DFL legislators in the House weren’t able to garner support from all 70 of their members on a bill that would make Minnesota the 12th state in the nation to mandate businesses provide paid family and medical leave for their employees.
But they got enough votes to get the job done, and passed the hotly-contested HF2 on Tuesday with a 68-64 vote, along mostly party lines. Two DFL legislators who voted against final passage of the bill were Dave Lislegard, of Aurora, and Gene Pelowski, of Winona.
Democrats in the Senate won’t have any wiggle room if they hope to pass the bill in the waning days of the legislative session, as they hold just a one-vote margin over Republicans in that chamber.
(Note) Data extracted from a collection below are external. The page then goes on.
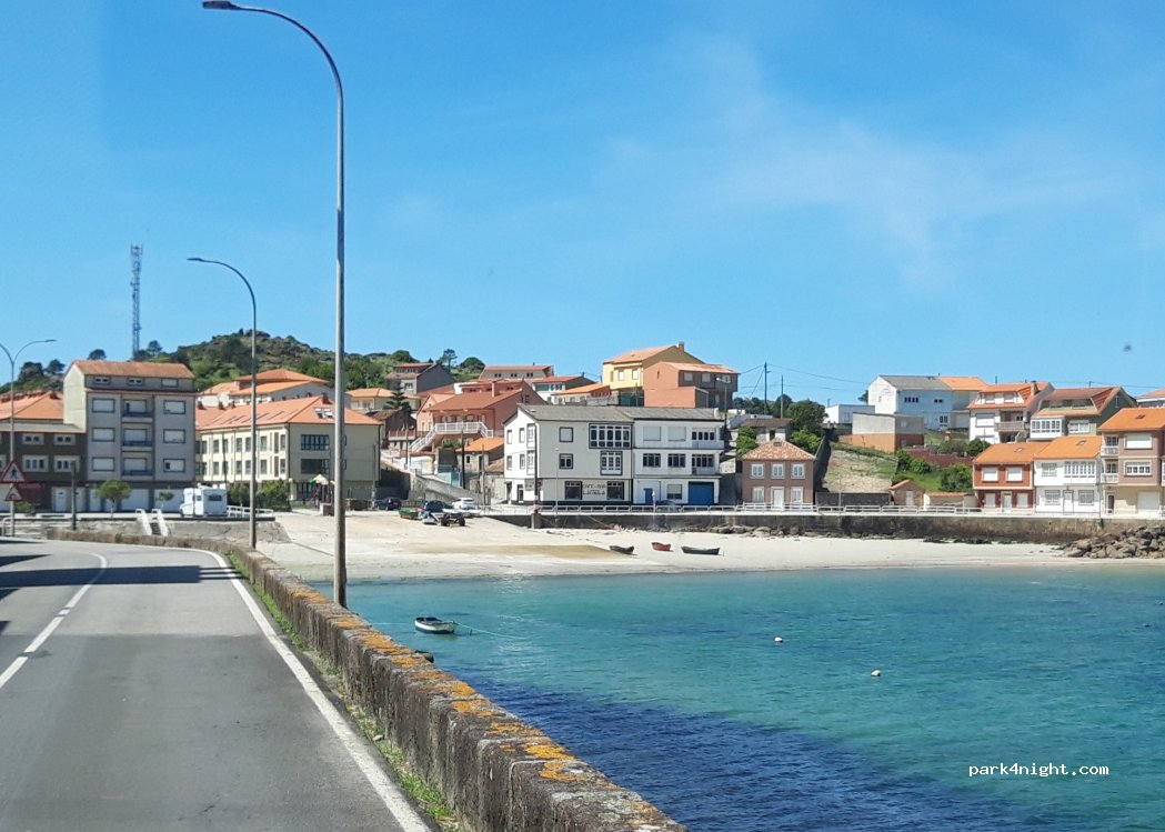 We parked our 7 meters motorhome there for went to the nearby beaches overlooking to the parking and the city port. There aren't any services except few garbage bins but near there is a playground and a bar. For sleep we preferred to go to the Ézaro waterfall parking because we felt too noisy the near road, but it is probably possible to sleep also in this spot.
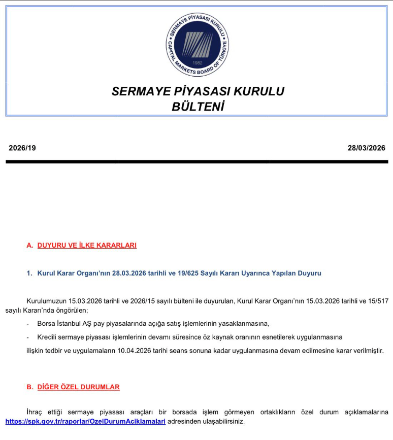 " SPK son bir bildirim ile açığa satış yasağı ve özkaynak esnetmesini 10 Nisan tarihine kadar tekrar bir uzatma kararı aldı. "
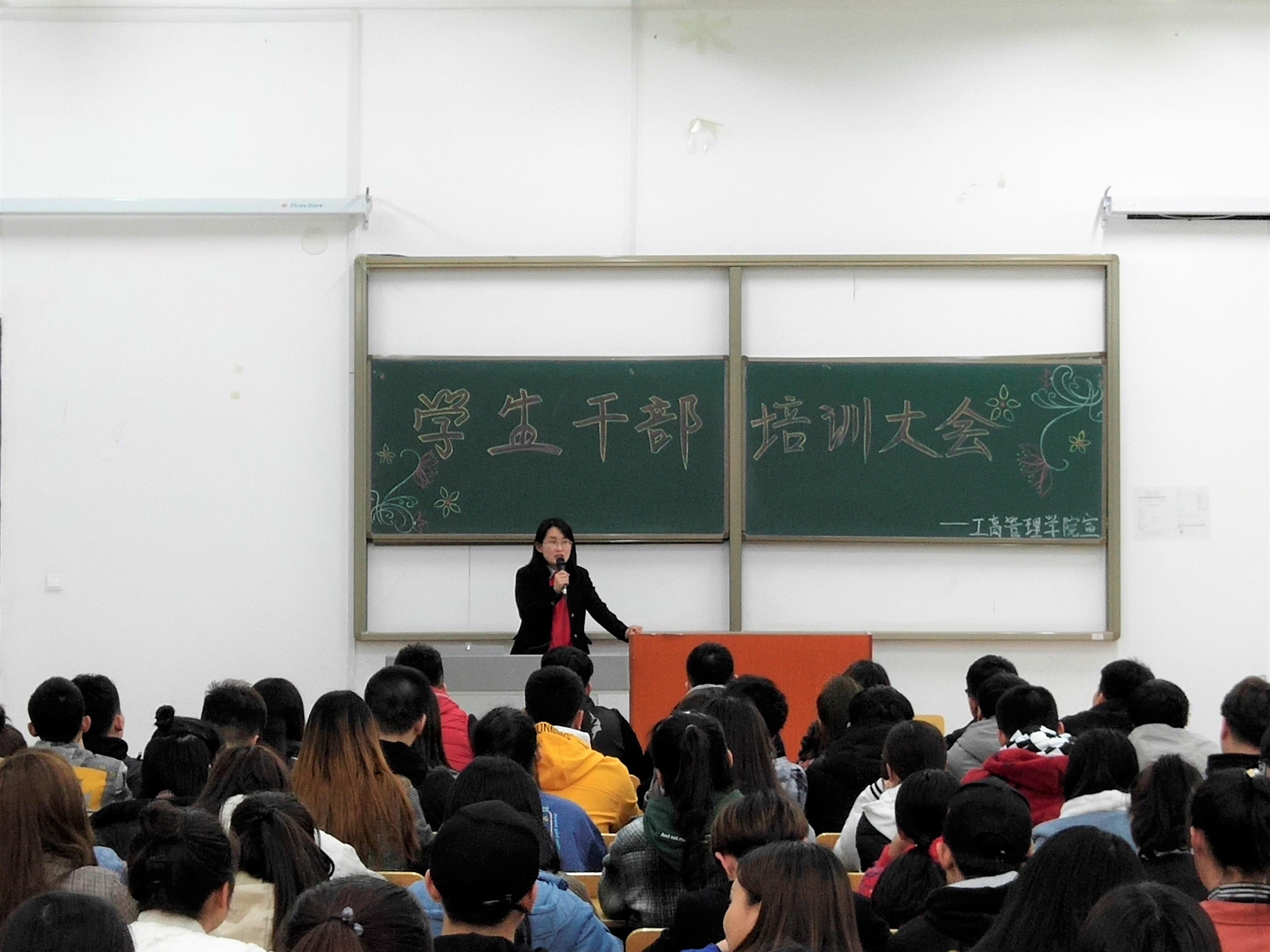 为了进一步加强学生干部作风建设,引导学生树立良好的学生工作理念,增强学生干部服务学生能力,工商管理学院于3月11日下午6点在一教b区101教室召开学生干部培训大会,本次大会的主讲人为于彩霞老师,工商管理学院学生干部及部分学生代表共计120余人参加此次大会。

HF2 would establish a state-run insurance program that would provide workers up to 12 weeks of paid family leave and 12 weeks of medical leave per year. The program would be funded by an increase on employer payroll taxes and go into effect by July 1, 2025. No Republicans in the House supported the bill. They instead offered a slimmed down version via a floor amendment that failed to pass by a 4-vote margin, but received support from DFler Lislegard.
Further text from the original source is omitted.